REQUIRED ACTION: Below are records to return verbatim; the pictures are to be dropped.

═════ RECORDS SUPPLIED ═════

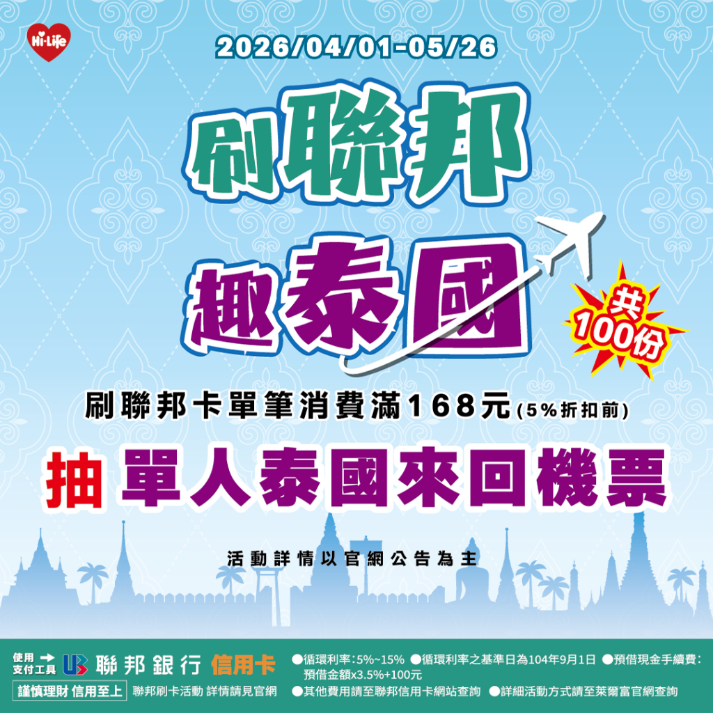 自4月1日至5月26日止,萊爾富主打「春夏泰有感」系列活動,於全台門市推出多款泰國季新品與優惠。活動期間凡於實體門市刷聯邦信用卡單筆消費滿168元(5%折扣前),即可獲得「單人台灣-泰國來回機票」抽獎序號,並於Hi-Life VIP APP內的【來抽獎】活動頁面登錄完成,就有機會抽中價值新台幣8,000元的機票兌換憑證(共100份)。這個春天,萊爾富真的要送你飛泰國!
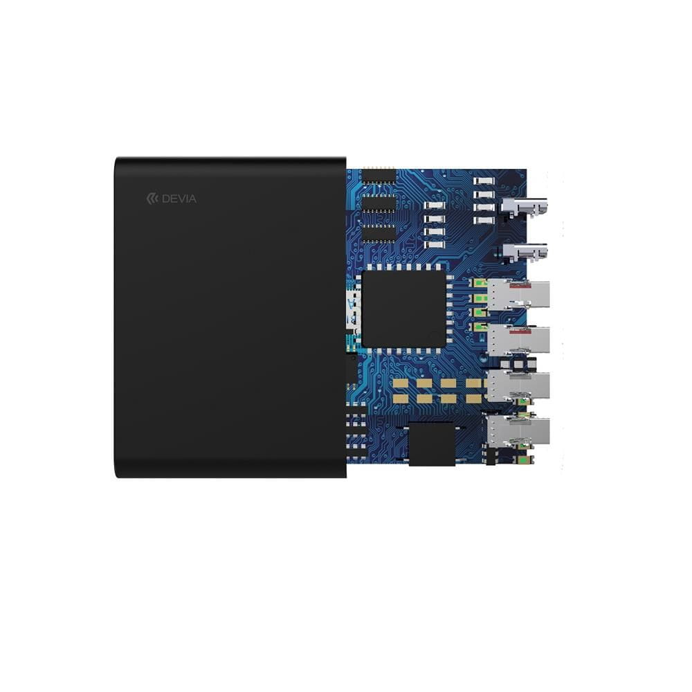 Devia Extreme ładowarka sieciowa USB to uniwersalne urządzenie, dzięki któremu podładujesz do sześciu urządzeń mobilnych jednocześnie. Ładowarka posiada aż 6 portów USB (2 USB-C i 4 USB-A), a przy ich pełnym wykorzystaniu ładowarka Devia nie traci na swojej wydajności.
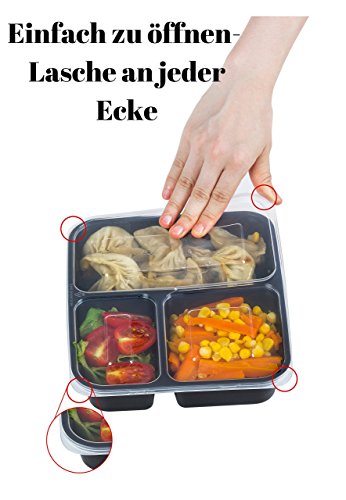 migliore soluzione Meal Prep & perfetta portions - non importa se desideri grassi, muscoli costruire o dich semplicemente alimentarsi in modo sano - La nostra fitprep Container ti aiutano a raggiungere i tuoi obiettivi. 3 scomparti separati dir agevolano la conservazione e il trasporto dei pasti e stabile. Quindi avrai le tue macro nutrienti sempre nel manico. Ogni contenitore ha una capienza di circa 1 litro in totale. Ideale per Meal Prep Bags medie e grandi dimensioni.
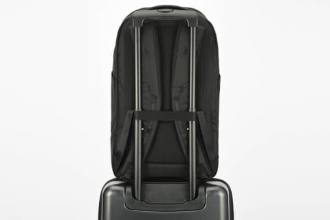出張や旅行時の使い勝手を考慮し、スーツケースのプルドライブハンドルに固定できるセットアップ機能を搭載。走行時のバッグのふらつきを防げる。
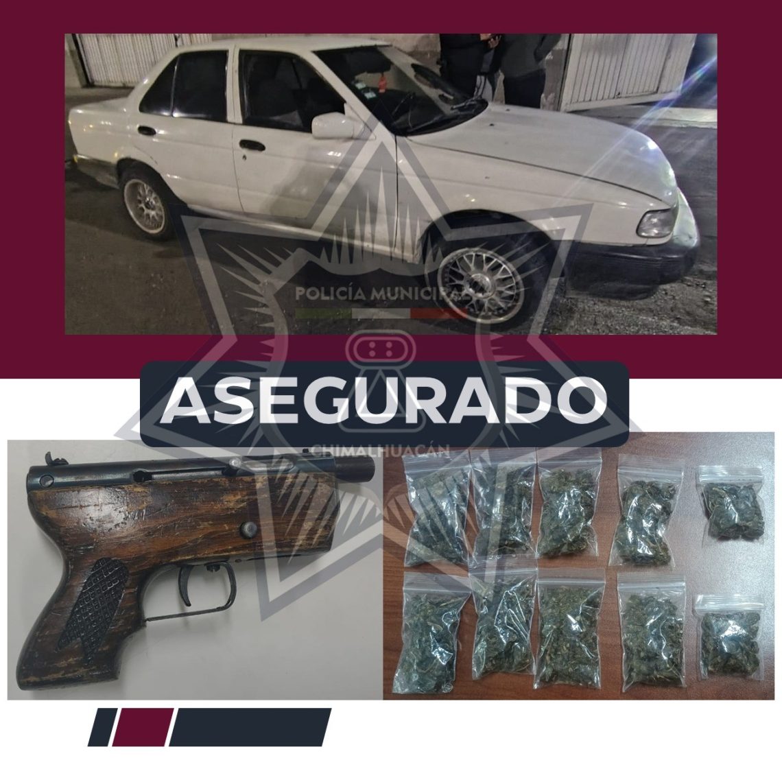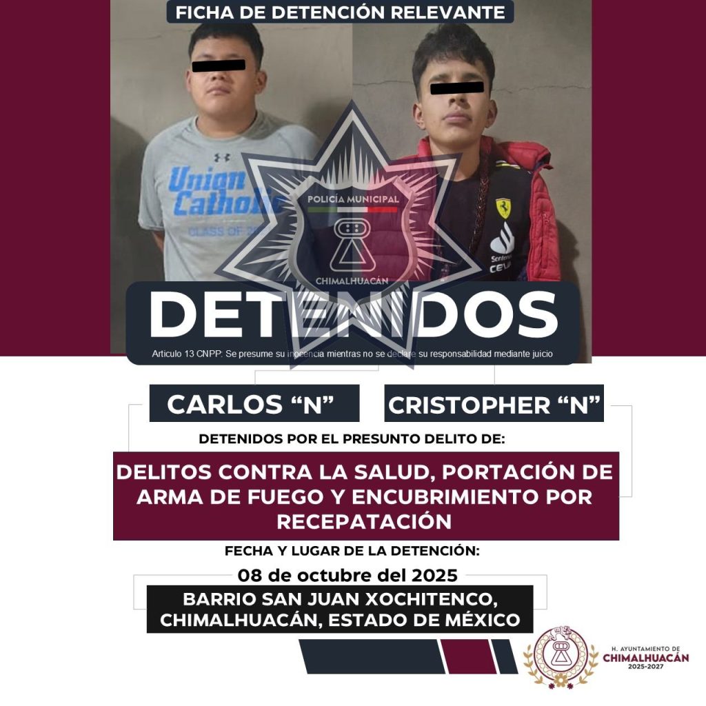 Como parte de las acciones coordinadas del Mando Único y en el marco de la Estrategia Operativa Zona Oriente, elementos de la policía municipal de Chimalhuacán, en colaboración con la Secretaría de Seguridad del Estado de México, lograron la detención de tres masculinos por su probable participación en diversos delitos relacionados con portación de arma de fuego y posesión de sustancias prohibidas.
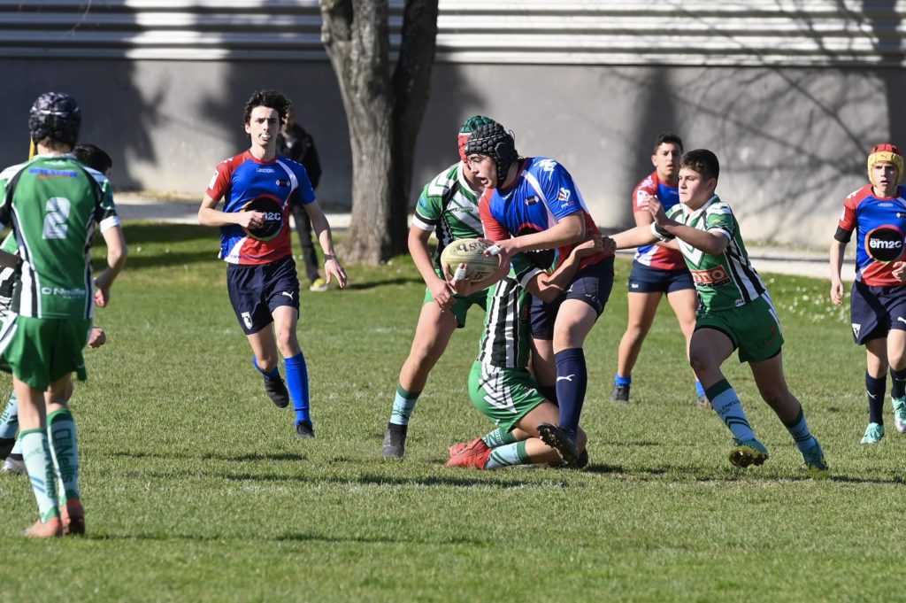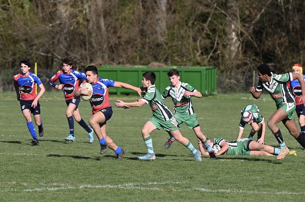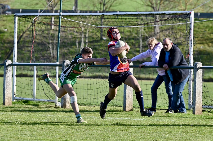 Les locaux jettent toutes leurs forces dans la bataille, mais des fautes de main font avorter de beaux mouvements..et c’est au contraire Tom Peronin qui récupère un bon ballon et file à l’essai. Camille Audap transforme. Sur la remise en jeu, les locaux reviennent à la charge et marque un essai transformé. Il reste cinq minutes à jouer, le score à l’avantage des gônes et sur un tenu rapidement joué Salah s’enfonce dans la défense et marque un essai transformé par Tom.
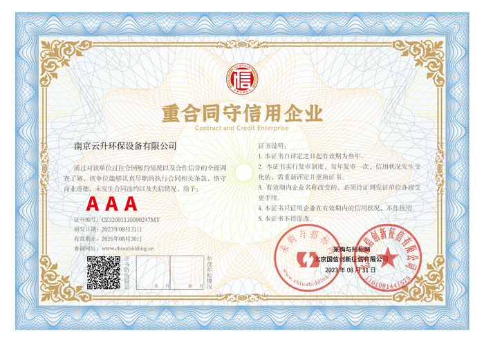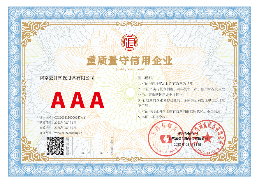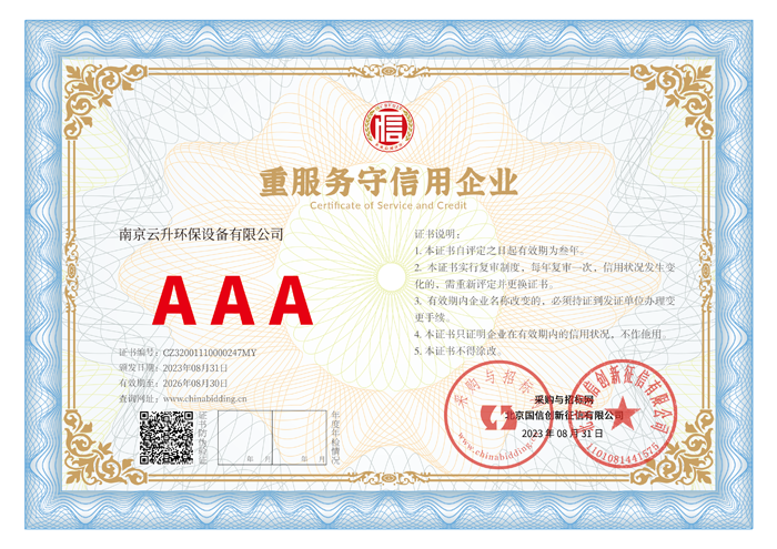 南京云升環(huán)保設備有限公司全體員工愿以環(huán)境保護為己任,以市場為導向,以優(yōu)質(zhì)服務為原則,嚴格的管理、先進的生產(chǎn)工藝、至上的品質(zhì)、完善的售前售后服務,與廣大新老用戶攜手并進,共鑄輝煌。公司已通過ISO9001:2000質(zhì)量管理體系標準認證,成為江蘇省高新企業(yè),并進行不斷的技術改進和創(chuàng)新,為客戶和合作伙伴提供滿意的產(chǎn)品。
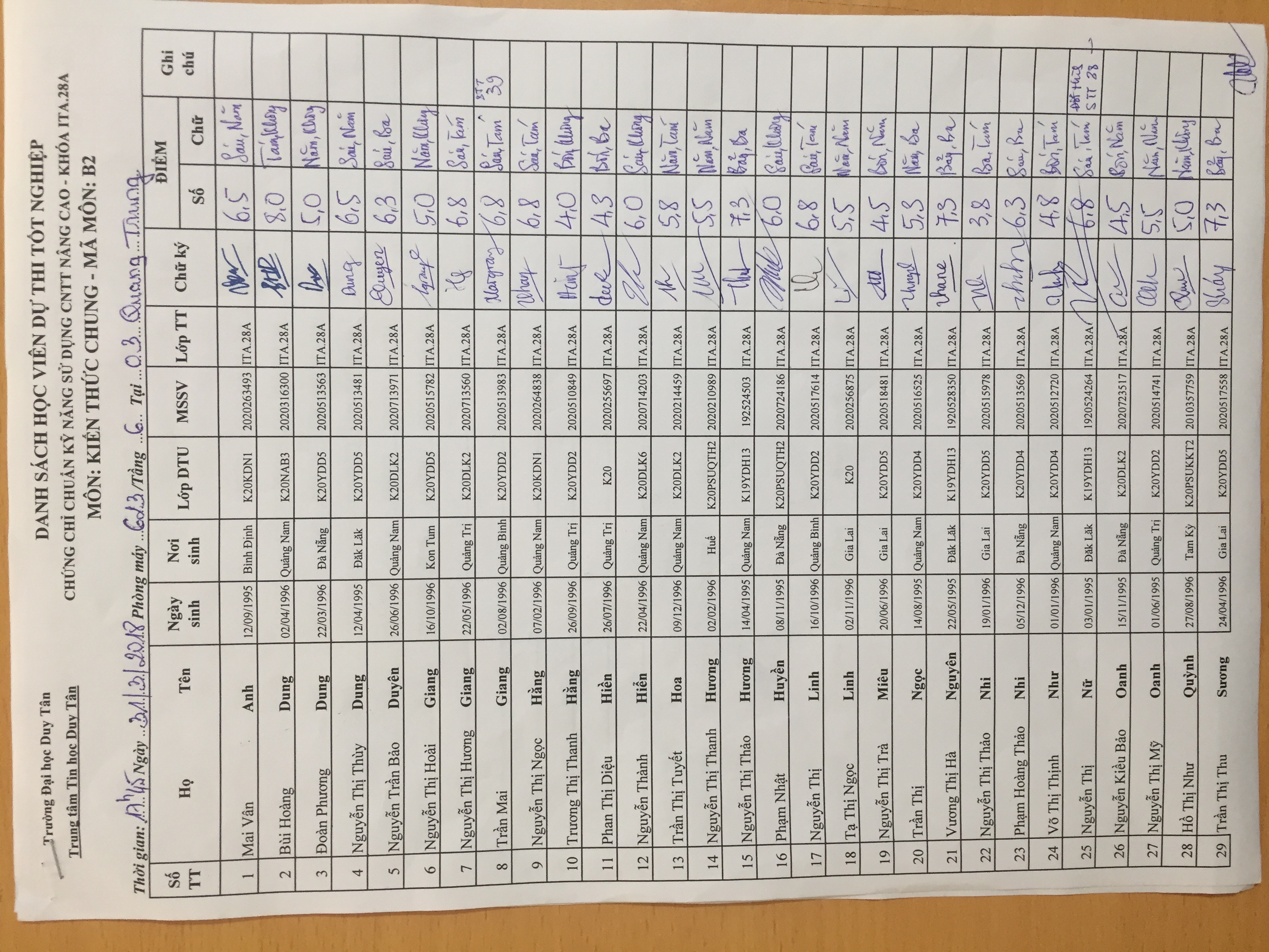 Điểm sát hạch Chứng chỉ Ứng dụng CNTT Nâng cao suất 15h00 ngày 25/01/2026

═════

ANSWER TO THIS PROBLEM:
 自4月1日至5月26日止,萊爾富主打「春夏泰有感」系列活動,於全台門市推出多款泰國季新品與優惠。活動期間凡於實體門市刷聯邦信用卡單筆消費滿168元(5%折扣前),即可獲得「單人台灣-泰國來回機票」抽獎序號,並於Hi-Life VIP APP內的【來抽獎】活動頁面登錄完成,就有機會抽中價值新台幣8,000元的機票兌換憑證(共100份)。這個春天,萊爾富真的要送你飛泰國!
 Devia Extreme ładowarka sieciowa USB to uniwersalne urządzenie, dzięki któremu podładujesz do sześciu urządzeń mobilnych jednocześnie. Ładowarka posiada aż 6 portów USB (2 USB-C i 4 USB-A), a przy ich pełnym wykorzystaniu ładowarka Devia nie traci na swojej wydajności.
 migliore soluzione Meal Prep & perfetta portions - non importa se desideri grassi, muscoli costruire o dich semplicemente alimentarsi in modo sano - La nostra fitprep Container ti aiutano a raggiungere i tuoi obiettivi. 3 scomparti separati dir agevolano la conservazione e il trasporto dei pasti e stabile. Quindi avrai le tue macro nutrienti sempre nel manico. Ogni contenitore ha una capienza di circa 1 litro in totale. Ideale per Meal Prep Bags medie e grandi dimensioni.
出張や旅行時の使い勝手を考慮し、スーツケースのプルドライブハンドルに固定できるセットアップ機能を搭載。走行時のバッグのふらつきを防げる。
 Como parte de las acciones coordinadas del Mando Único y en el marco de la Estrategia Operativa Zona Oriente, elementos de la policía municipal de Chimalhuacán, en colaboración con la Secretaría de Seguridad del Estado de México, lograron la detención de tres masculinos por su probable participación en diversos delitos relacionados con portación de arma de fuego y posesión de sustancias prohibidas.
 Les locaux jettent toutes leurs forces dans la bataille, mais des fautes de main font avorter de beaux mouvements..et c’est au contraire Tom Peronin qui récupère un bon ballon et file à l’essai. Camille Audap transforme. Sur la remise en jeu, les locaux reviennent à la charge et marque un essai transformé. Il reste cinq minutes à jouer, le score à l’avantage des gônes et sur un tenu rapidement joué Salah s’enfonce dans la défense et marque un essai transformé par Tom.
 南京云升環(huán)保設備有限公司全體員工愿以環(huán)境保護為己任,以市場為導向,以優(yōu)質(zhì)服務為原則,嚴格的管理、先進的生產(chǎn)工藝、至上的品質(zhì)、完善的售前售后服務,與廣大新老用戶攜手并進,共鑄輝煌。公司已通過ISO9001:2000質(zhì)量管理體系標準認證,成為江蘇省高新企業(yè),并進行不斷的技術改進和創(chuàng)新,為客戶和合作伙伴提供滿意的產(chǎn)品。
 Điểm sát hạch Chứng chỉ Ứng dụng CNTT Nâng cao suất 15h00 ngày 25/01/2026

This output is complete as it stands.